Saturday 13 October 2012

Breakupum Shakeupum!!


Uninspiring as the dreamum-wakeupum song might be... the title is completely apt for the effed up state my life is in right now. Yes, I have had breakups before and no, I don’t remember having created such a scene about getting over it. But this was no ordinary break up. This was epic. And presumably so is my resultant depression!

I am nearly broke, jobless, mind fucked, to-be-divorced and as close to committing 'social suicide' as I would ever want to be.

Needed a stimuli to crack my wall. Something that would open the dams and let out the stale water!

Hurt, pain, emotions bottled up since childhood... just waiting for something or someone to relax me enough to open up. Every time I let one finger loose in my fist of life, I tighten the other 9. 

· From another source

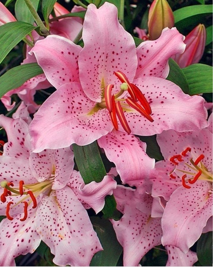 - Зимовка: Восточные гибриды лилий должны зимовать в сухой почве. Для этого с середины сентября грядки накрывают пленкой, а после начала подмерзания почвы пленку снимают и посадки засыпают хвойным опадом, листвой или сухим торфом. Можно также натягивать пленку на дугах над посадками для продления вегетационного периода.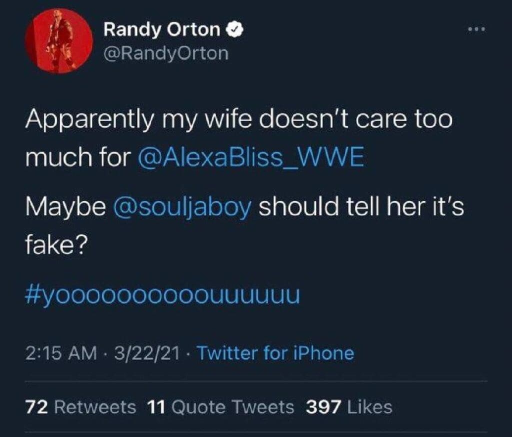 Orton later deleted that tweet, but not before we could get a screenshot of it. He could have nixed the tweet because he called wrestling “fake,” but odds are it was due to another reason.

Today I got a chance.... All my memories packed in 15 boxes lands on my door step. 
Looking at me... judging me... reminding me of everything that happened. And instead of being numb I actually break down. I begin bawling my eyes out. Found someone I can actually talk to... and want to open up to... But Alas! I cant have that much leeway now, can I? 

Dad is reaching in an hour and I need to be presentable. So once again we postpone being human for another day! Kudos world. Good job!!

This virtual tracker (though set on a financial countdown mode) is my way of keeping me sane. A place for me to vent without being judged or criticized or even advised. Its also my way of keeping track of my life right now... when days seem to pass without me realising and months end while I wait for weekends... and the only thing keeping my grounded is my current savings amount and the desp need for me to get a job.

This is me trying to not let the current emotional tsunami end up destroying any chance of a normal life I might have in the future!